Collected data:
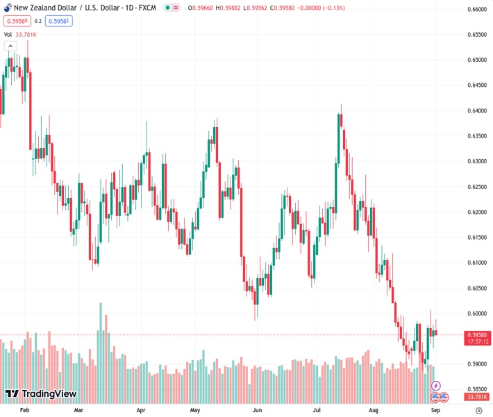 NZDUSD currently trading at 0.5974 at the time of writing. Pair opened at 0.5967 and is trading with a change of 0.12 % .
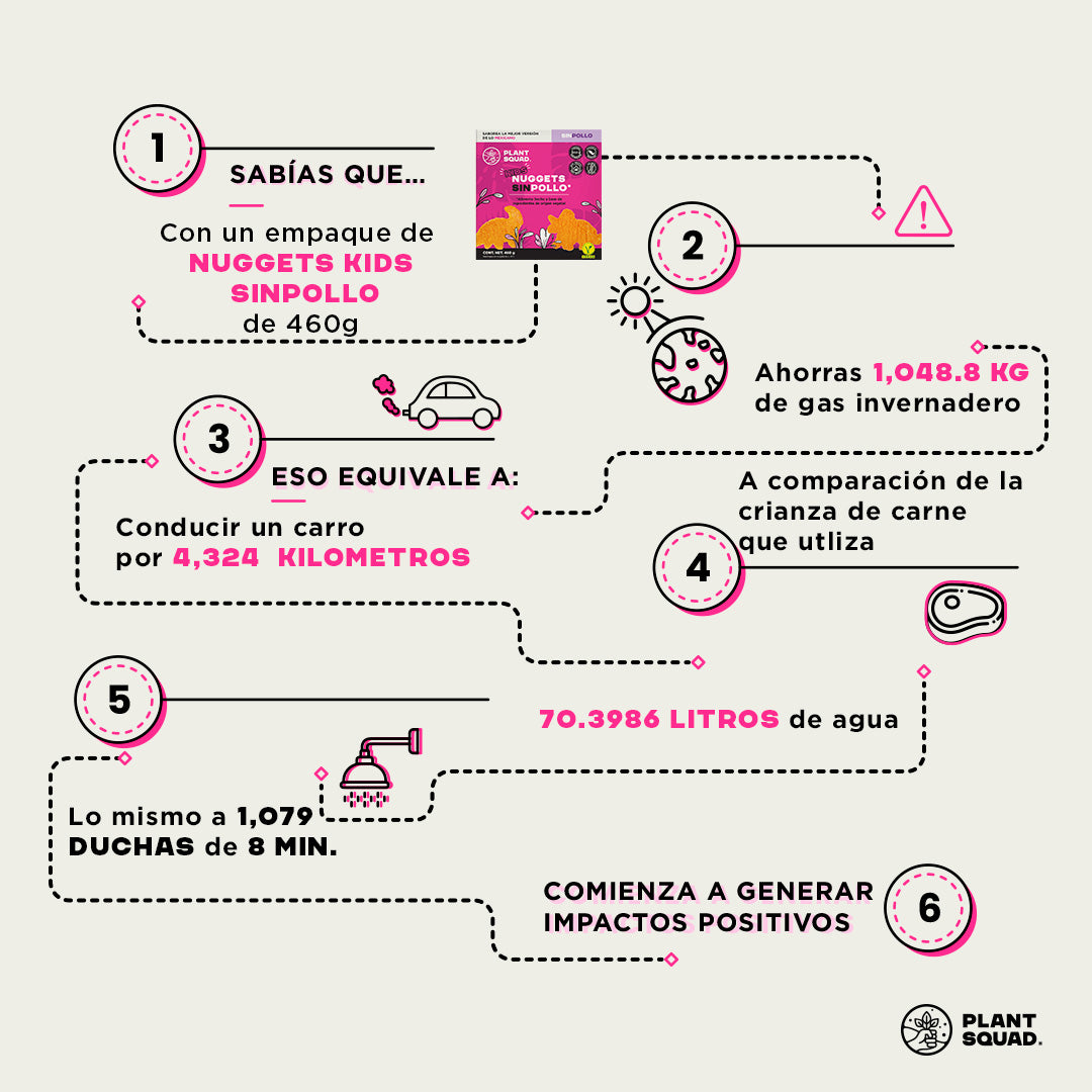 Nuestros increíbles nuggets de pollo a base de plantas, perfectos para los que buscan una opción saludable y sustentable. Con forma de dinosaurios son una opción deliciosa y divertida para los más pequeños. Disfruta su jugosidad y versatilidad en tus platos favoritos. Al elegir nuestra opción, cuidas el medio ambiente. ¡Es hora de saborear una alternativa consciente y deliciosa! Prueba nuestros nuggets SINPOLLO y descubre una nueva forma de disfrutar tus comidas.
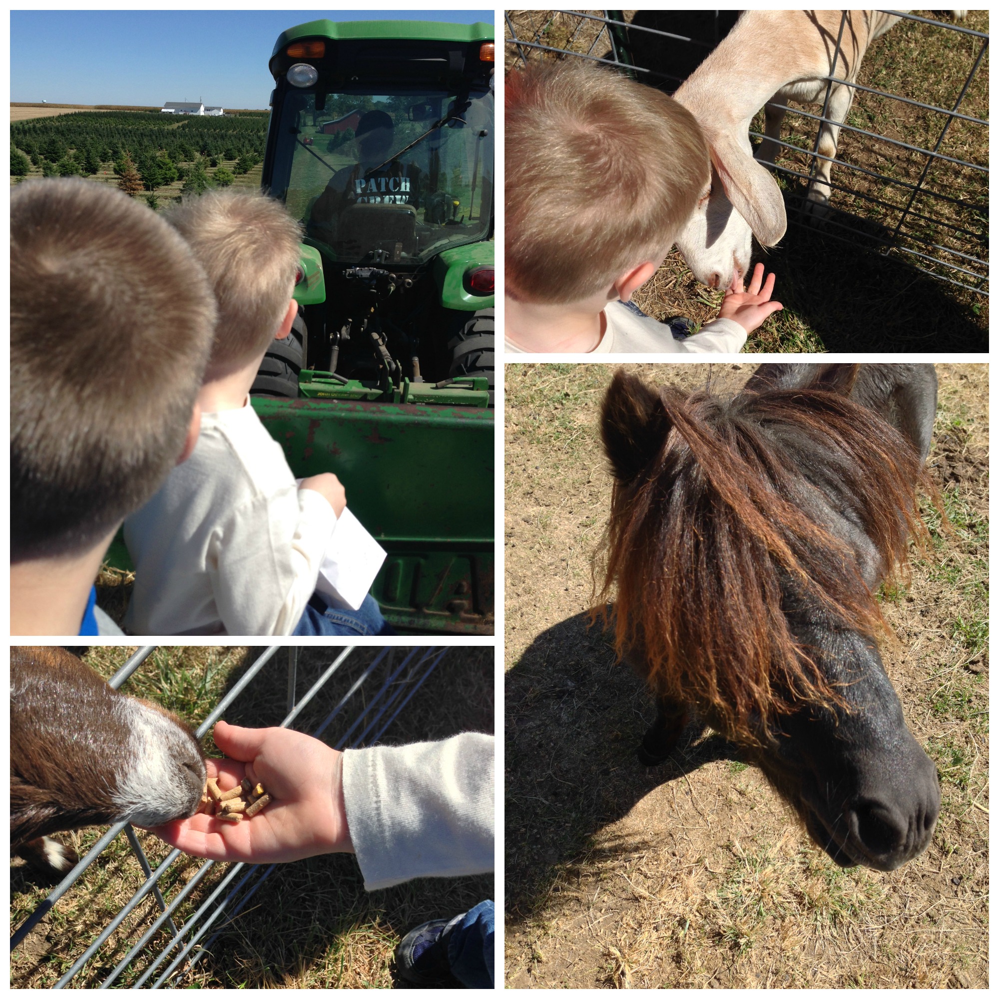 We took a tractor ride down to a small petting zoo where we met several goats, a donkey and a miniature horse I will call Beyoncé. No, I’m not saying Beyoncé looks like a horse. It’s just the way in which that little diva of a horse shook her hair that reminded me of Queen B.
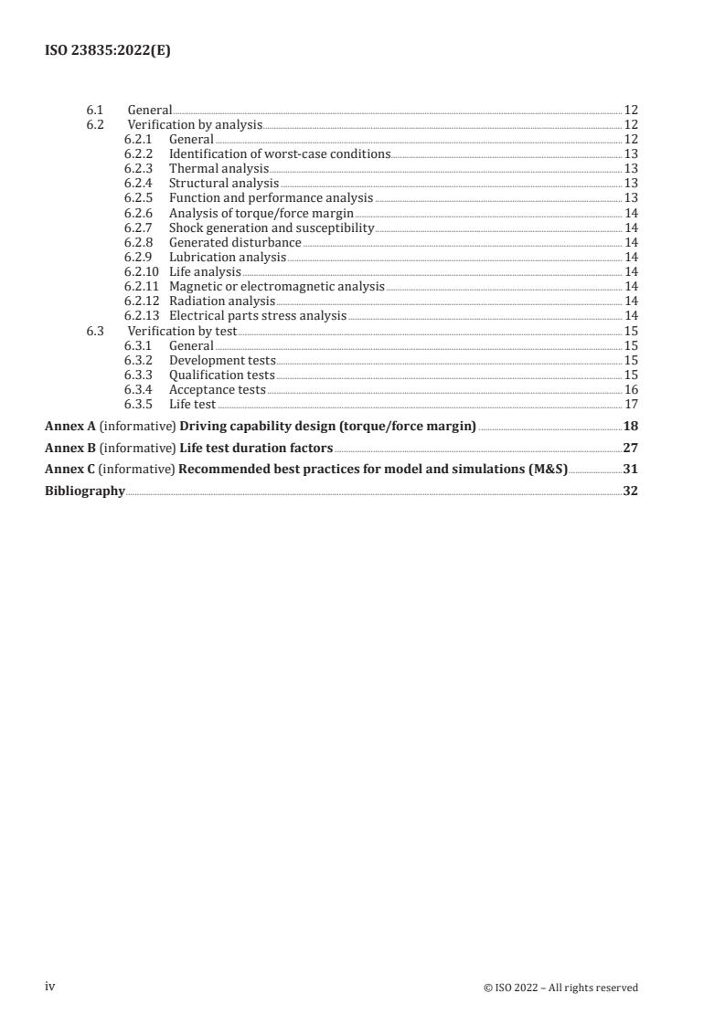 ISO 23835:2022 organizes requirements across design and verification disciplines. Major technical topics include:
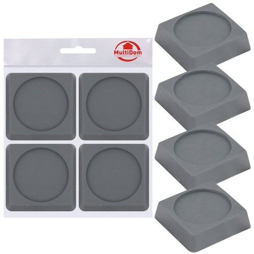 Тишина при работающей бытовой технике дома – это возможно. Значительно погасить вибрацию и сохранить работоспособность техники помогут специальные подставки. Применение подставок позволяет значительно снизить нагрузку ножек техники на напольное покрытие, керамическую плитку, деревянные полы, а также предотвращает скольжение стиральной машины при работе в режиме отжима. Снижение вибрации при работе техники достигается оптимальной формой подставок и использованием высокопрочного материала. Количество в комплекте: 4 шт. Размер 6х6 см, высота 1,5см. Эффект: меньше раздражающих шумов, предотвращение повреждения пола. Способ применения: отрегулировать горизонтальное положение стиральной машины или холодильника. Подложить под каждую ножку по 1 антивибрационной подставке. Изготовлены из полимерного материала (ТЭП).
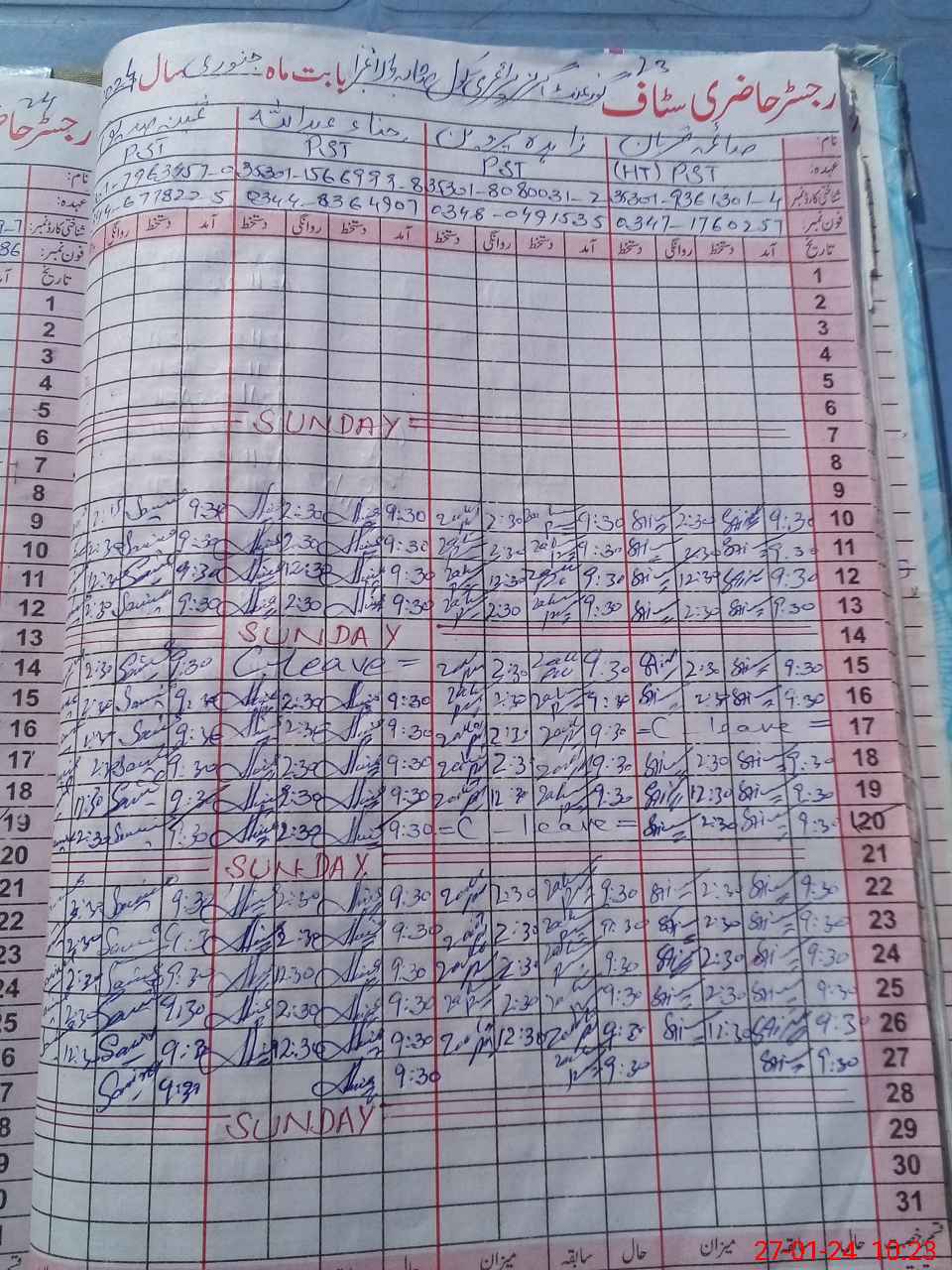 | CNIC | Full Name | Designation | R/C | Absence During Last Calender Month |

**YOUR GOAL**
For your answer, write out the data exactly and drop every picture.

**EXERCISE RESULT**
 NZDUSD currently trading at 0.5974 at the time of writing. Pair opened at 0.5967 and is trading with a change of 0.12 % .
 Nuestros increíbles nuggets de pollo a base de plantas, perfectos para los que buscan una opción saludable y sustentable. Con forma de dinosaurios son una opción deliciosa y divertida para los más pequeños. Disfruta su jugosidad y versatilidad en tus platos favoritos. Al elegir nuestra opción, cuidas el medio ambiente. ¡Es hora de saborear una alternativa consciente y deliciosa! Prueba nuestros nuggets SINPOLLO y descubre una nueva forma de disfrutar tus comidas.
 We took a tractor ride down to a small petting zoo where we met several goats, a donkey and a miniature horse I will call Beyoncé. No, I’m not saying Beyoncé looks like a horse. It’s just the way in which that little diva of a horse shook her hair that reminded me of Queen B.
 ISO 23835:2022 organizes requirements across design and verification disciplines. Major technical topics include:
 Тишина при работающей бытовой технике дома – это возможно. Значительно погасить вибрацию и сохранить работоспособность техники помогут специальные подставки. Применение подставок позволяет значительно снизить нагрузку ножек техники на напольное покрытие, керамическую плитку, деревянные полы, а также предотвращает скольжение стиральной машины при работе в режиме отжима. Снижение вибрации при работе техники достигается оптимальной формой подставок и использованием высокопрочного материала. Количество в комплекте: 4 шт. Размер 6х6 см, высота 1,5см. Эффект: меньше раздражающих шумов, предотвращение повреждения пола. Способ применения: отрегулировать горизонтальное положение стиральной машины или холодильника. Подложить под каждую ножку по 1 антивибрационной подставке. Изготовлены из полимерного материала (ТЭП).
 | CNIC | Full Name | Designation | R/C | Absence During Last Calender Month |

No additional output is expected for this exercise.